This repo. Is intended for constructing a pipeline template for transfer learning applications. Transfer learning is a technique which allows replacing of the hidden layer parameters in an AI training process where the input sample size is small. The outcome of the training results from a small sample size is generally either biased or performs badly. This repo. Introduces a template construct which allows the replacement action from a large data set such as Vgg-16 or Resnet. Users don’t have to rewrite the transfer learning code and replace the big data hidden layers manually. After the transfer learning template is developed, it can be uploaded and shared on the Kubeflow pipeline UI. A Pipelines component is a set of independent user code, packaged as a Docker image, that executes a step in a pipeline. For example, a component can be responsible for data preprocessing, data transformation, model training, etc., implemented as a Kubernetes CRD (Custom Resource Definition).

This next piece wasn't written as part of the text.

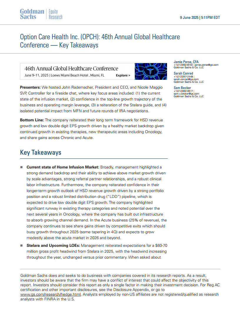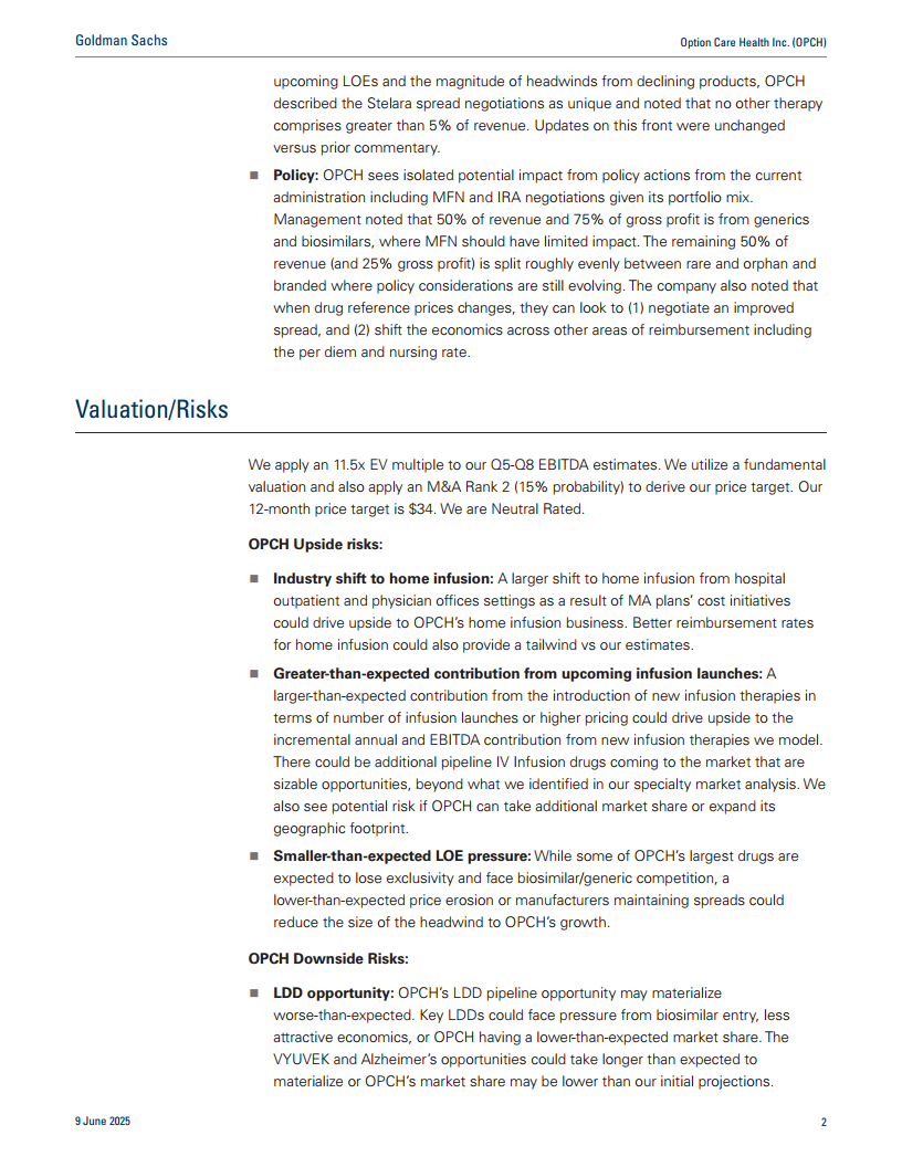 OPCH在强劲的家庭输液市场需求和自身战略优势的推动下,展现出稳健的营收和盈利增长潜力。公司通过多元化的产品组合,特别是仿制药和生物类似药的高占比,有效降低了Stelara独占期到期和潜在政策变化(如MFN和IRA谈判)带来的风险。尽管面临商业支付方集中度高和LDD机会实现不及预期的下行风险,但行业向家庭输液的结构性转变以及新疗法的持续推出为OPCH提供了显著的上行空间。高盛维持对OPCH的“中性”评级,目标价为34美元,财务预测显示公司未来几年将保持持续增长态势。

So workflows can be managed using kubectl and integrated with other Kubernetes services such as volumes, secrets, and RBAC. The test data set used in this repo. Is from voice speech recognition application. The voice patterns of three persons is converted in frequency spectrum via fourier transformation as the following example.

The transformed spectrum is reduced to a 100*100 image as shown below. There are three categories of images from three different persons. An eight twenty ratio of data division is used for training and testing of the proposed transfer learning template examples.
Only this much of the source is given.